= Standard Arabic Technical Transliteration System =

The Standard Arabic Technical Transliteration System, commonly referred to by its acronym SATTS, is a system for writing and transmitting Arabic language text using the one-for-one substitution of ASCII-range characters for the letters of the Arabic alphabet. Unlike more common systems for transliterating Arabic, SATTS does not provide the reader with any more phonetic information than standard Arabic orthography does; that is, it provides the bare Arabic alphabetic spelling with no notation of short vowels, doubled consonants, etc. In other words, it is intended as a transliteration tool for Arabic linguists, and is of limited use to those who do not know Arabic.

SATTS, a legacy of Morse and teleprinter systems (see "Background," below), has historically been employed by military and communications elements of Western countries for handling Arabic text without the need for native fonts or special software. Although its use has decreased in recent years with the demise of Morse code and the obsolescence of the teleprinter, and with the increased availability of native-font software, it is still used for the quick and handy platform-independent recording and transmission of Arabic terms and text.

==Format==
SATTS employs all the Latin alphabetic letters except P, plus four punctuation marks, for a total of 29 symbols (all the letters of the Arabic alphabet, plus the glottal-stop symbol hamzah).

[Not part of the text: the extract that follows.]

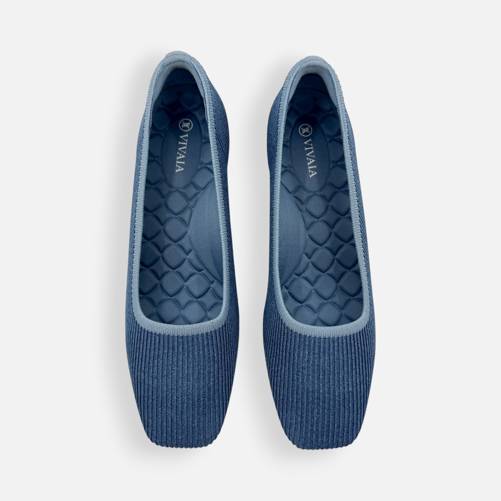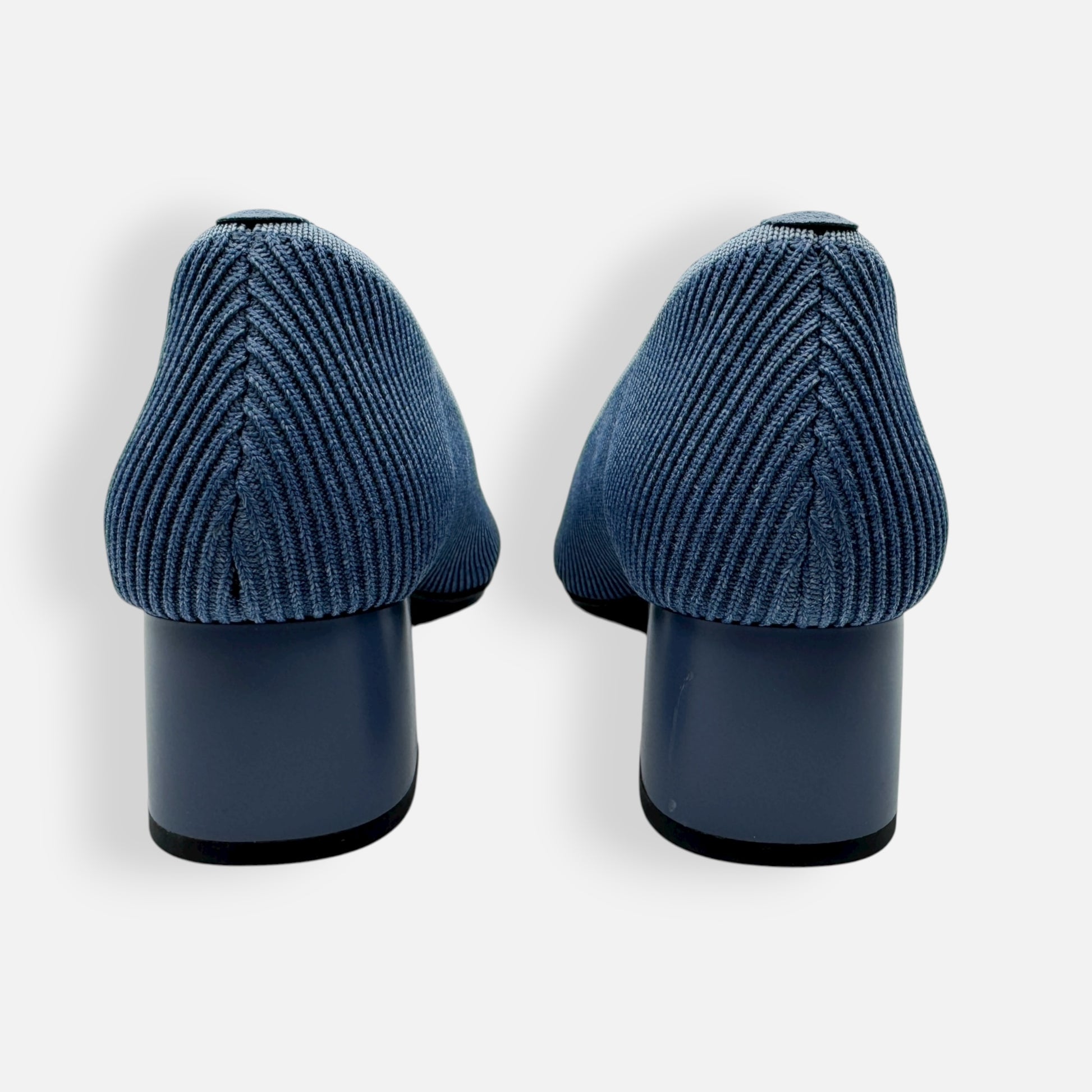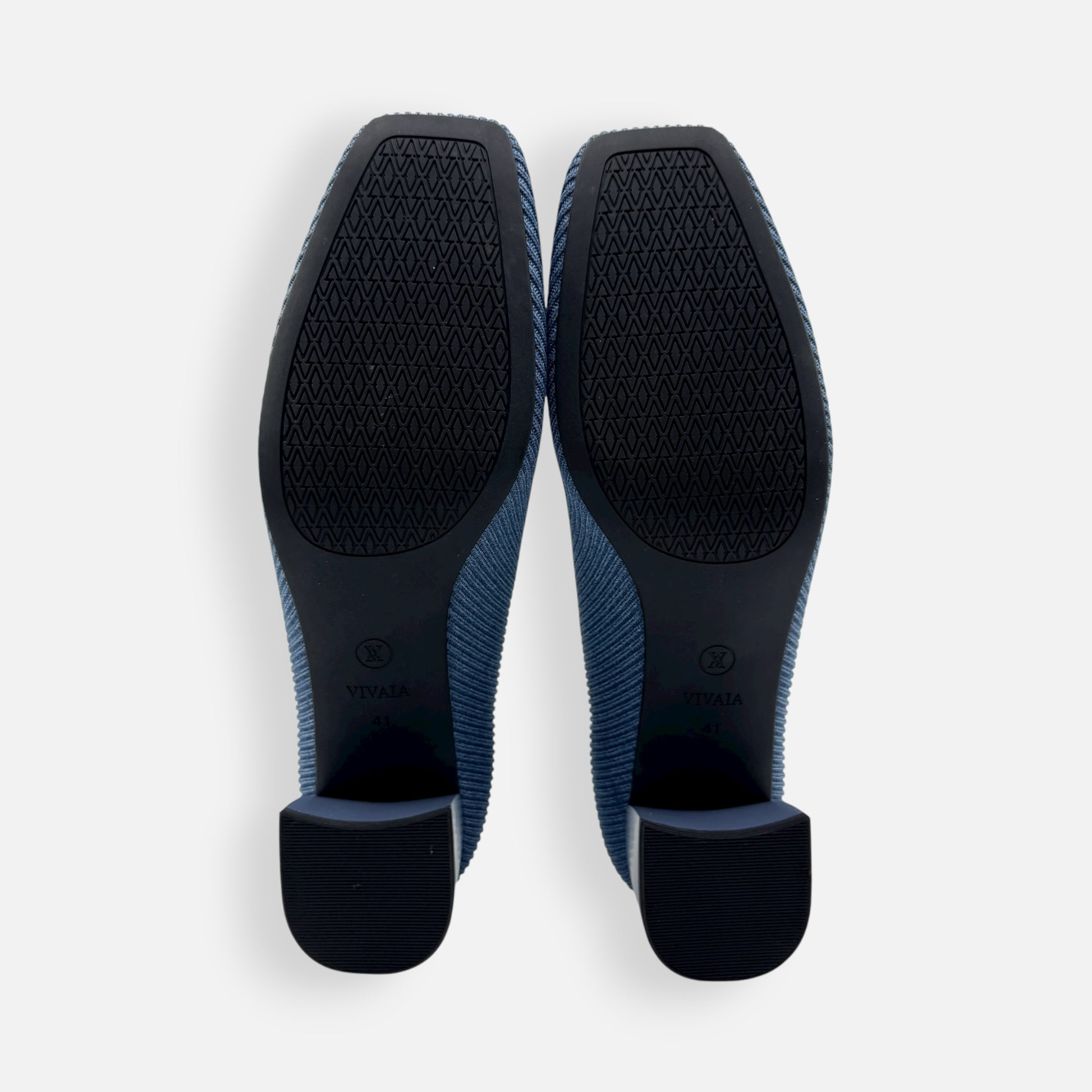 Details: Vivaia Melody mid-heel court shoes in light blue knit. Features a square toe, block heel, padded back, and eco-friendly breathable uppers made from recycled plastic bottles. Designed with deodorising insoles and anti-slip rubber outsoles. Heel height 4.5 cm.
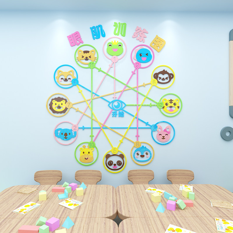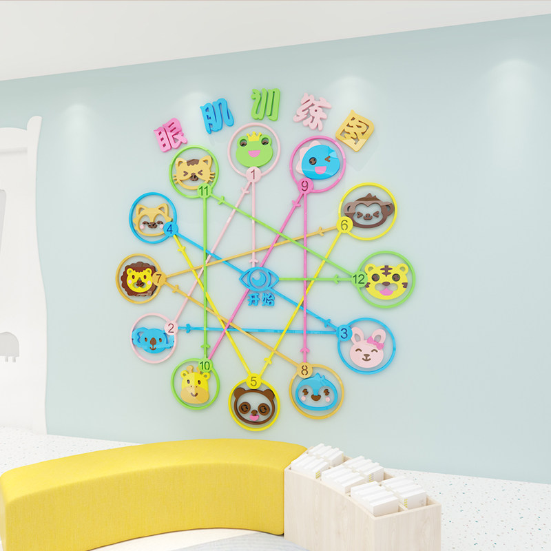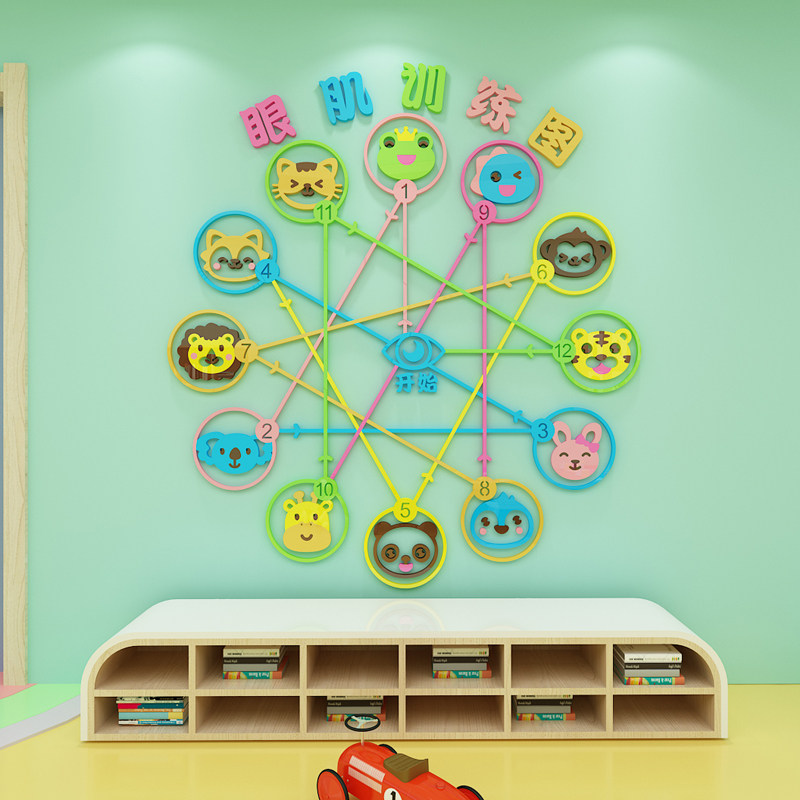 Kindergarten eye protection three-dimensional wall stickers large class vision care training small animal theme ring wall stickers

==Table of SATTS equivalents==

| ا | 'alif | A |
| ب | bā' | B |
| ت | tā' | T |
| ث | thā' | C |
| ج | jīm | J |
| ح | ħā' | H |
| خ | khā' | O |
| د | dāl | D |

| ذ | dhāl | Z |
| ر | rā' | R |
| ز | zayn | ; |
| س | sīn | S |
| ش | shīn | : |
| ص | ṣād | X |
| ض | ḍād | V |
| ط | ţā' | U |

| ظ | Ðā' | Y |
| ع | `ayn | " |
| غ | γayn | G |
| ف | fā' | F |
| ق | qāf | Q |
| ك | kāf | K |
| ل | lām | L |
| م | mīm | M |

| ن | nūn | N |
| ه | hā' | ? |
| ة | tā' marbūţah | ? |
| و | wāw | W |
| ؤ | wāw with hamzah | WE |
| ي or ى | yā' | I |
| ئ | hamzah | IE |
| ﺀ | hamzah | E |

In some words, lām 'alif was sent as a single character •—••••— or LA as a single character. The symbol for the glottal stop hamzah (ء) is written following its seat, if it has one. It is omitted when it occurs with an initial 'alif.
RIEIS رئيس MAEDB? مأدبة
MSWEWL مسؤول BDE بدء
AHMD أحمد ASLAM إسلام

==Sample text==

| Native orthography | SATTS transliteration |
|---|---|
| جامعة الدول العربية هي منظمة تضم دولا في الشرق الأوسط وأفريقيا | JAM"? ALDWL AL"RBI? ?I MNYM? TVM DWLA FI AL:RQ ALAWSU WAFRIQIA |

The chief deficiencies of SATTS are that it does not distinguish between hā' (ه) and tā' marbūţah (ة), or between final yā' (ي) and 'alif maksūrah (ى), and it cannot depict an 'alif maddah ( آ ). SATTS also cannot distinguish between a final seated hamza and a final independent hamza, if the word ends in "AE", "IE", or "WE".

==Background==
The Latin alphabetic letter employed for each Arabic letter in the SATTS system is its Morse-code equivalent. For example, Morse code for the Arabic letter ţā' (ط) is • • — (dit-dit-dah). That same Morse code sequence represents the letter U in the Latin alphabet. Hence the SATTS equivalent for ţā' is U.

In the Morse-code era, when Arabic language Morse signals were copied down by non-Arab code clerks, the text came out in SATTS. Text in SATTS was also automatically produced when teleprinters reproduced Arabic text, if the technician had failed to replace the printer's Latin-character pallet with an Arabic-character one.